Data supplied —
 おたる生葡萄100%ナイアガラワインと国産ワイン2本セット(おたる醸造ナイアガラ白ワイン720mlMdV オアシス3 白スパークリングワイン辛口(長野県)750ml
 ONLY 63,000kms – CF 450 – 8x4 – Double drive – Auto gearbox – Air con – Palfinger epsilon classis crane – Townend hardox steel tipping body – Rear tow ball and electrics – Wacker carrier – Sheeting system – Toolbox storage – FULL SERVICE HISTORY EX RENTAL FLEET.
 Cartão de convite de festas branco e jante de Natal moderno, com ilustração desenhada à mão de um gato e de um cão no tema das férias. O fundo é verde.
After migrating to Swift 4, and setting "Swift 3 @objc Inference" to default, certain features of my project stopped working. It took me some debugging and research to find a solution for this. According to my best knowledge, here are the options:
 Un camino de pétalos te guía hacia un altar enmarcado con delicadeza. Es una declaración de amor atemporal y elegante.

...

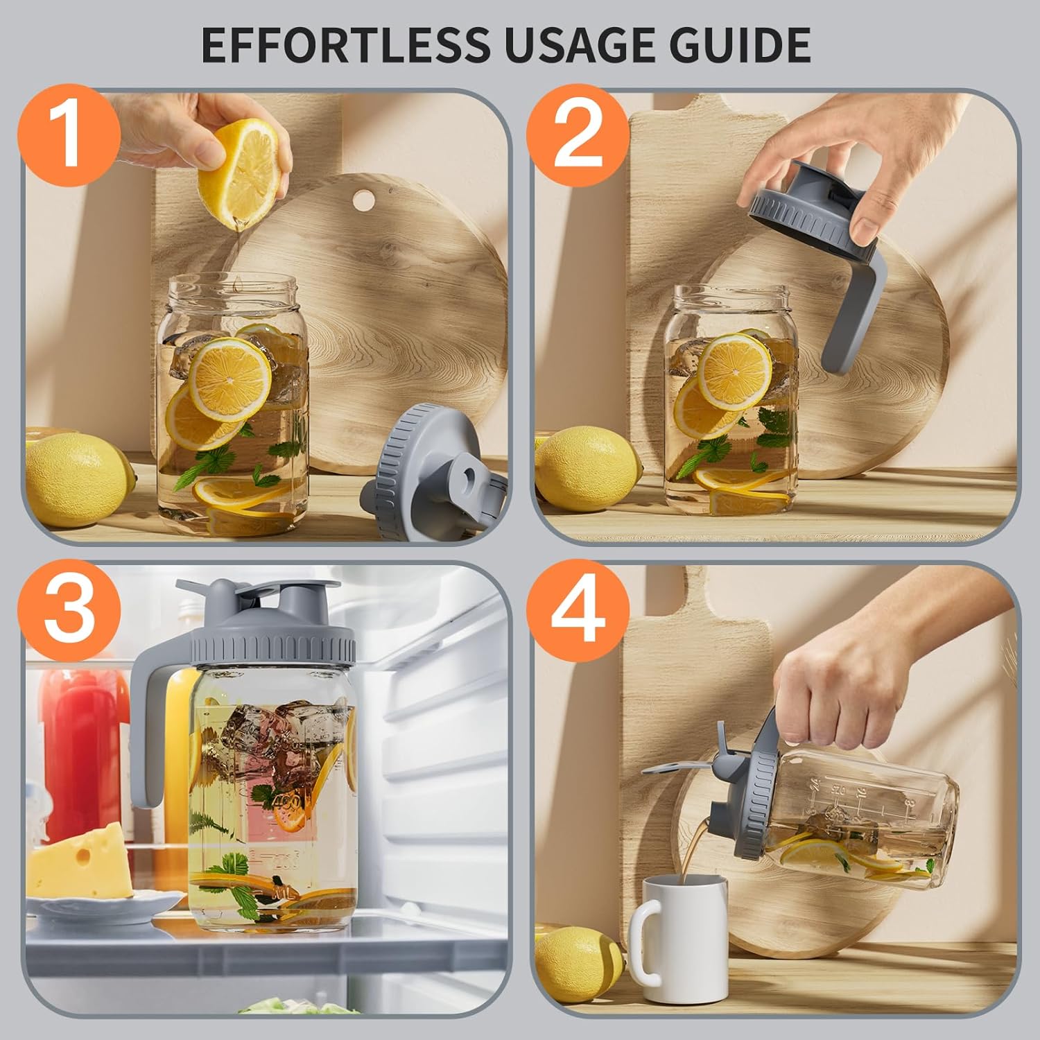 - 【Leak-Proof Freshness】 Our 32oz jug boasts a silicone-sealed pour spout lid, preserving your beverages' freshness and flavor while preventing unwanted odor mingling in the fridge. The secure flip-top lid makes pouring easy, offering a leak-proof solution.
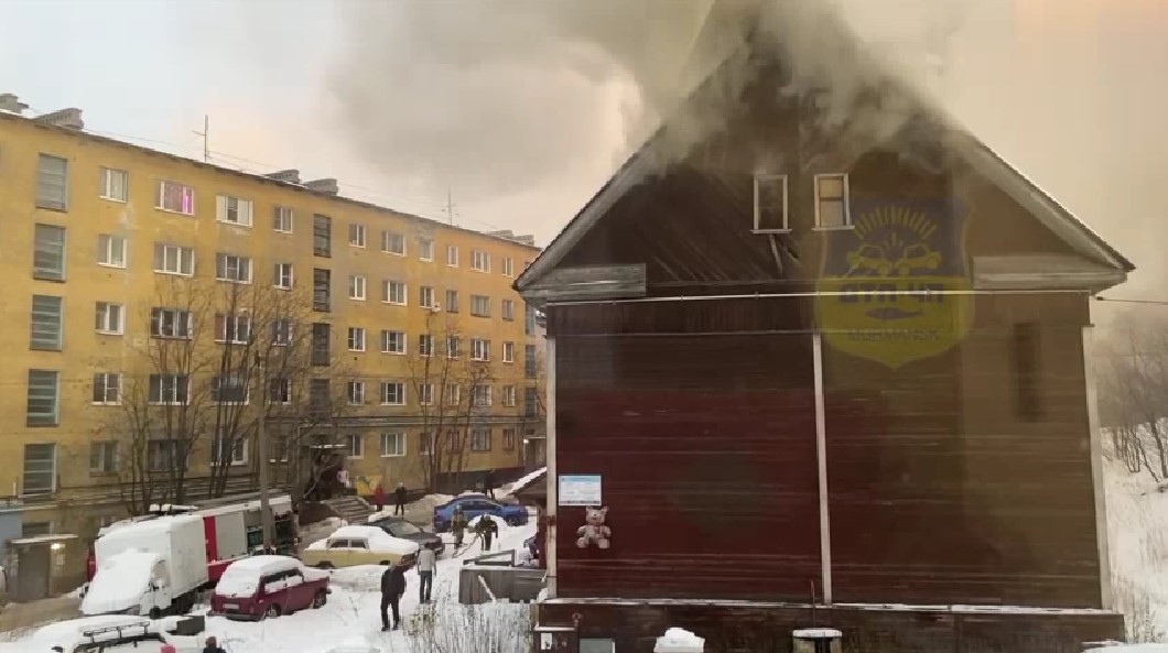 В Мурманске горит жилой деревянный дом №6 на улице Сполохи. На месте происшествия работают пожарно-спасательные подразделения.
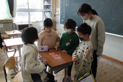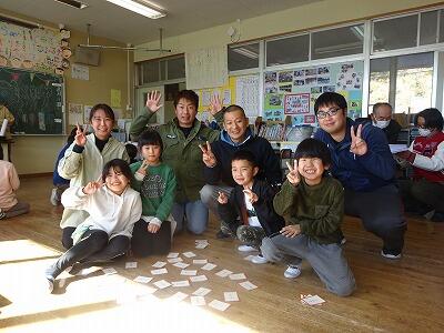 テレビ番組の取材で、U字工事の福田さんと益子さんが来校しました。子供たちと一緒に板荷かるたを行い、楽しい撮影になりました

==

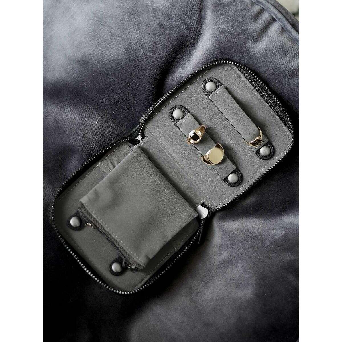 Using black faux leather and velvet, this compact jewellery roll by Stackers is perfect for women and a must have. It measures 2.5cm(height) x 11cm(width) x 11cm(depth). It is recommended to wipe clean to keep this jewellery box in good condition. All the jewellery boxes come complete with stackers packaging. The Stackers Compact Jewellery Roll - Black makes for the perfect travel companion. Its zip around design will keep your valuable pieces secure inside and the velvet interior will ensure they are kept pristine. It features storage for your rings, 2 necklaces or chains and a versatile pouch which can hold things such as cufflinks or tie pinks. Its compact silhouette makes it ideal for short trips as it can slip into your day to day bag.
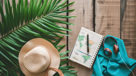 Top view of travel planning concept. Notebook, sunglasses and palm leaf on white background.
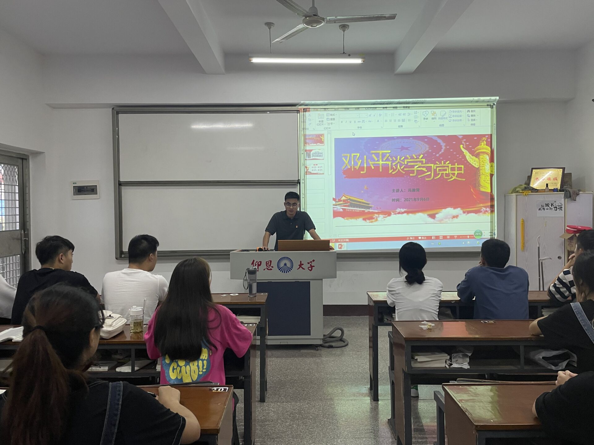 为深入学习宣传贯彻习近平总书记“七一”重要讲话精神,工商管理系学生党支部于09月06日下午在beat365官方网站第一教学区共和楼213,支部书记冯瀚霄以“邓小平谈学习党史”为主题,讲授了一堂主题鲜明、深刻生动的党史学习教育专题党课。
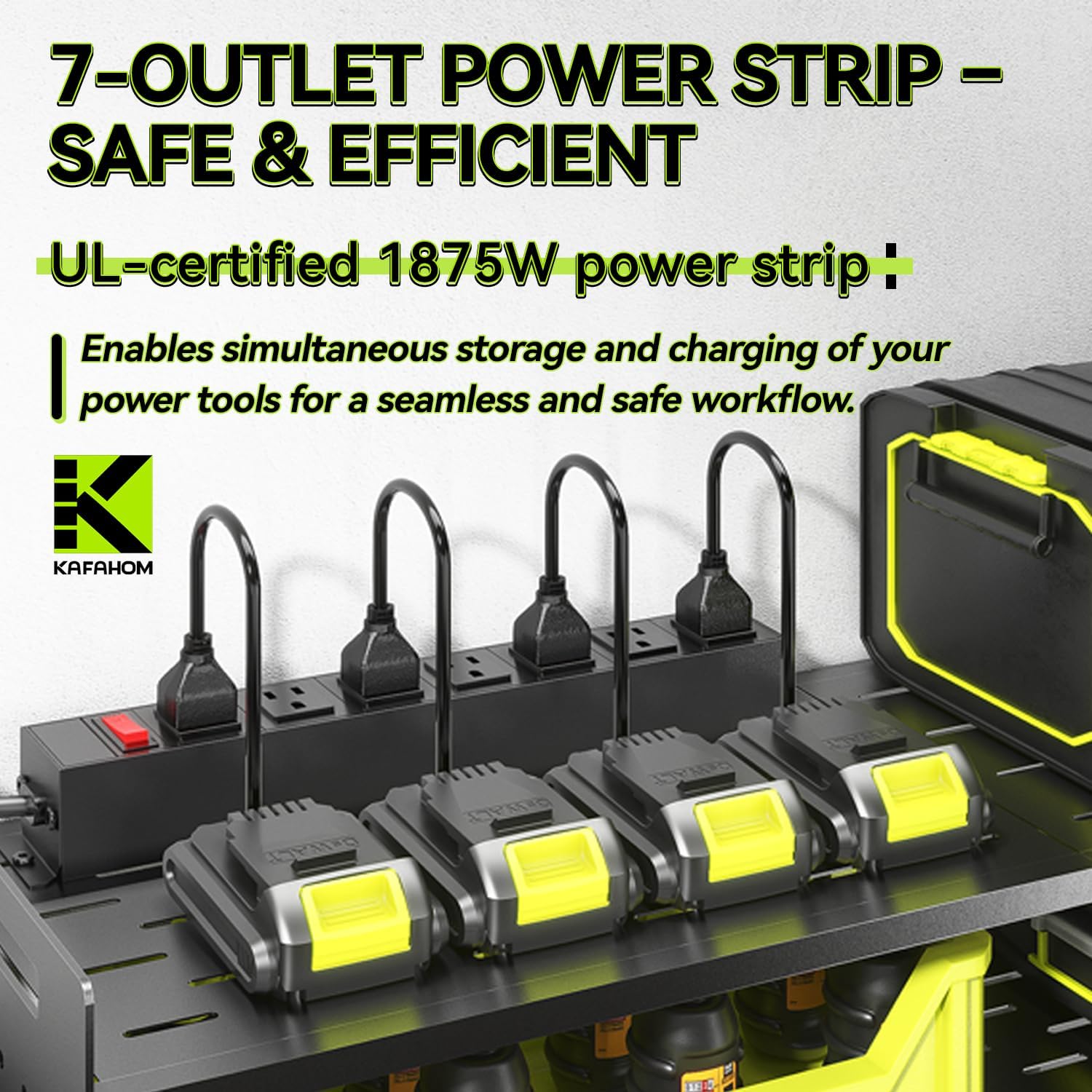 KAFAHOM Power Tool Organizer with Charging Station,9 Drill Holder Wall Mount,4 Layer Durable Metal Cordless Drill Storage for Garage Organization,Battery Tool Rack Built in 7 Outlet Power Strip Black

Work to complete —
Copy the lines above exactly, starting with the line that contains "为深入学习宣传贯彻习近平总书" and ending with the line that contains "KAFAHOM Power Tool", and leave out any pictures.

Output for this task —
 为深入学习宣传贯彻习近平总书记“七一”重要讲话精神,工商管理系学生党支部于09月06日下午在beat365官方网站第一教学区共和楼213,支部书记冯瀚霄以“邓小平谈学习党史”为主题,讲授了一堂主题鲜明、深刻生动的党史学习教育专题党课。
 KAFAHOM Power Tool Organizer with Charging Station,9 Drill Holder Wall Mount,4 Layer Durable Metal Cordless Drill Storage for Garage Organization,Battery Tool Rack Built in 7 Outlet Power Strip Black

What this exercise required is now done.